DPIMode means nothing to a vanilla WMS server - it (and variants) is an extension adopted by some WMS servers to allow users to hint to the server that it intends to use a display method which is a long way from the "standard" 96dpi (usually a printer with values of 300 or 600 dpi). This allows the server to make the labels, line widths and other style elements rendered in pixels bigger so they look the "right" size when printed (see for example this question).

I'm unable to find a definitive definition of dpiMode=7 but it looks like it is a QGis thing and probably points to a predefined set of formatting options.


Well, I've returned to this and come up with the following (apparent) answer, by watching the actual network requests sent out by QGIS using the QGIS Network Logger plug-in

dpiMode appears to be an internal set of flags used by the WMS provider to decide how to specify desired DPI to the WMS server in the http request. The actual DPI requested is the one in the map canvas or layout being rendered.

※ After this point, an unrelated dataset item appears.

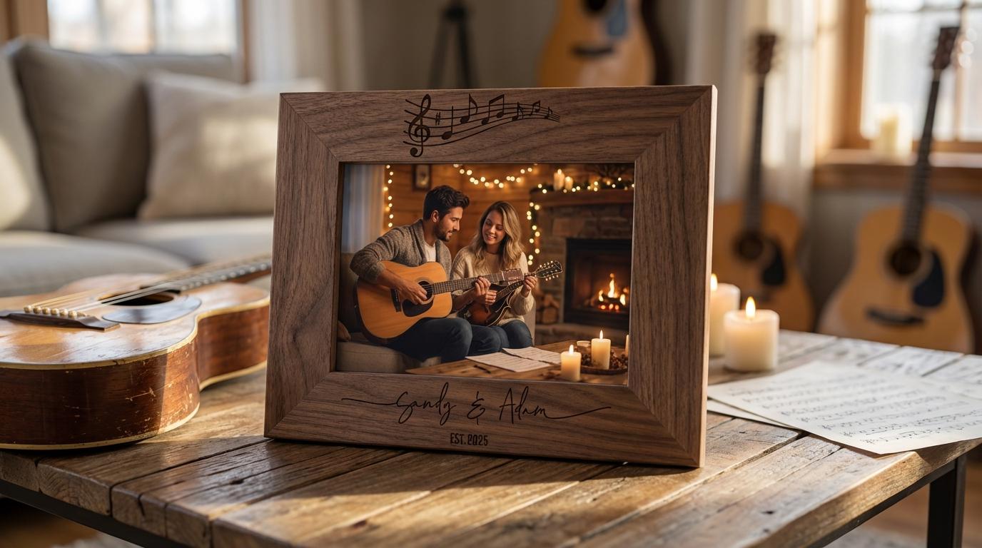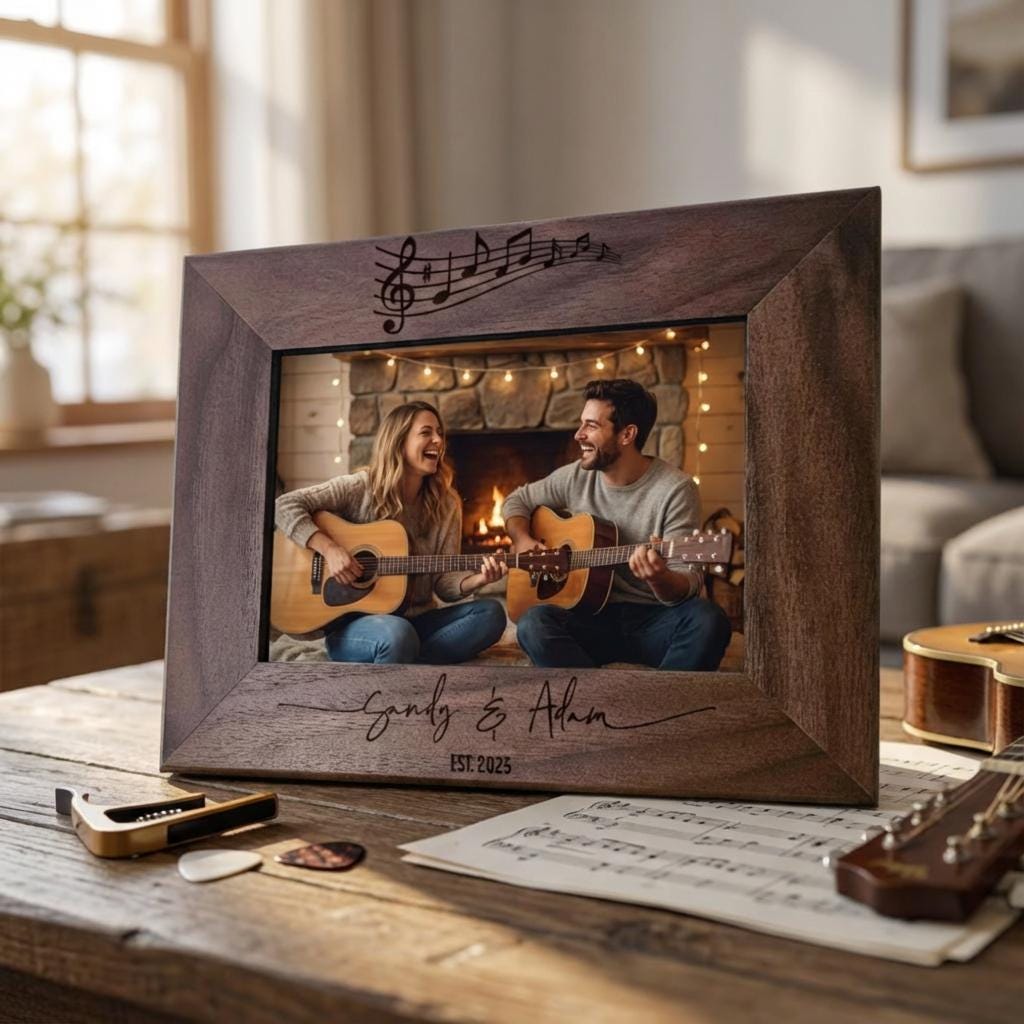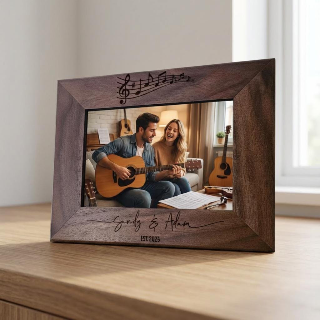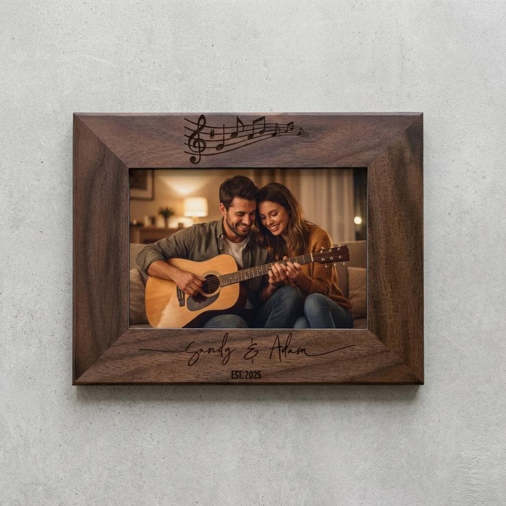 Personalized Music Note Picture Frame, Custom Wooden Photo Frame, Musician Gift, Couples Keepsake, Wedding Gift for Music Lovers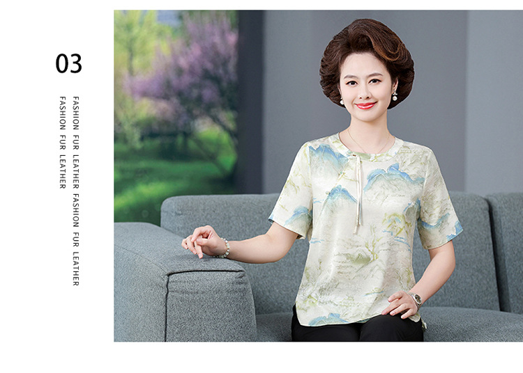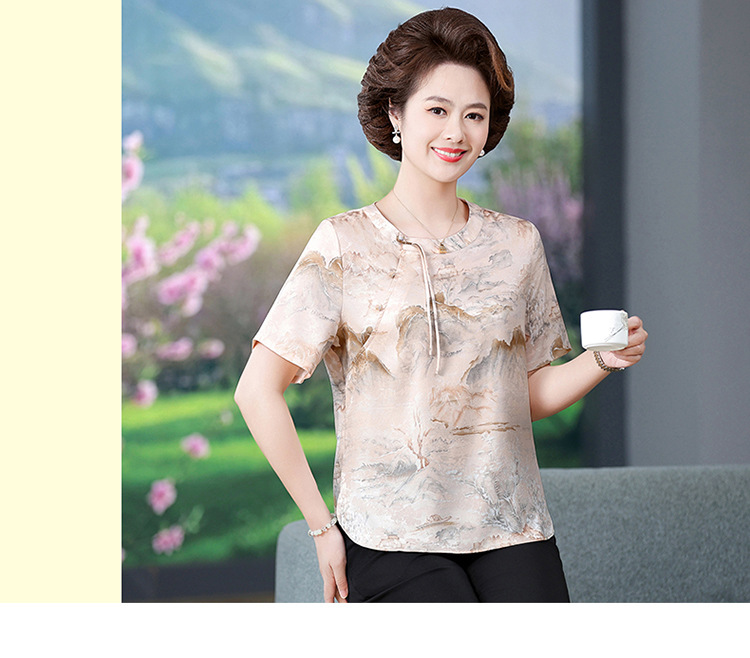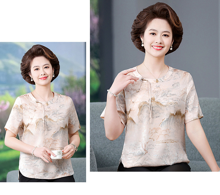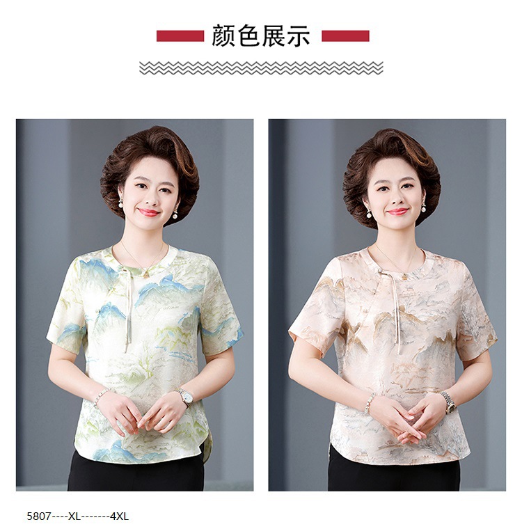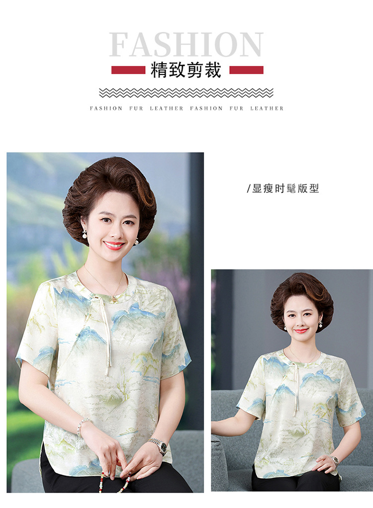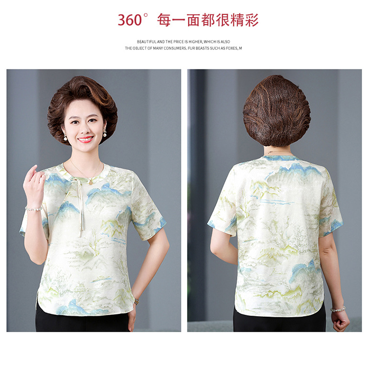 W592-5807-72-88夏装中式短袖T恤中老年小个子奶奶桑蚕丝上衣小衫女

And (as per the other comments/answers) it is then up to the server how it responds to the request.

Different dpiMode settings therefore may result in different renderings depending on whether the specific server "gets the message" regarding QGIS's target DPI or not, but (unfortunately for me) this is not a method to systematically and reliably scale WMS renderings, and in particular their text size, up and down.

  • dpiMode & 4 > 0 means a FORMAT_OPTIONS=dpi:xxx is appended to the WMS request.
  • dpiMode & 2 > 0 means MAP_RESOLUTION=xxx
  • dpiMode & 1 > 0 means DPI=xxx

So dpiMode=7 means all 3 ways of trying to give the server the target DPI are used. If dpiMode=6 as in my question, &DPI=xxx is skipped in the WMS request, etc. In my case, the server's default DPI seems to be 90 (but this may vary, I suspect), my screen map canvas DPI is 120, and my layout DPI is 96, which of course causes erratic behaviour if you incorrectly assume dpiMode is a scaling factor.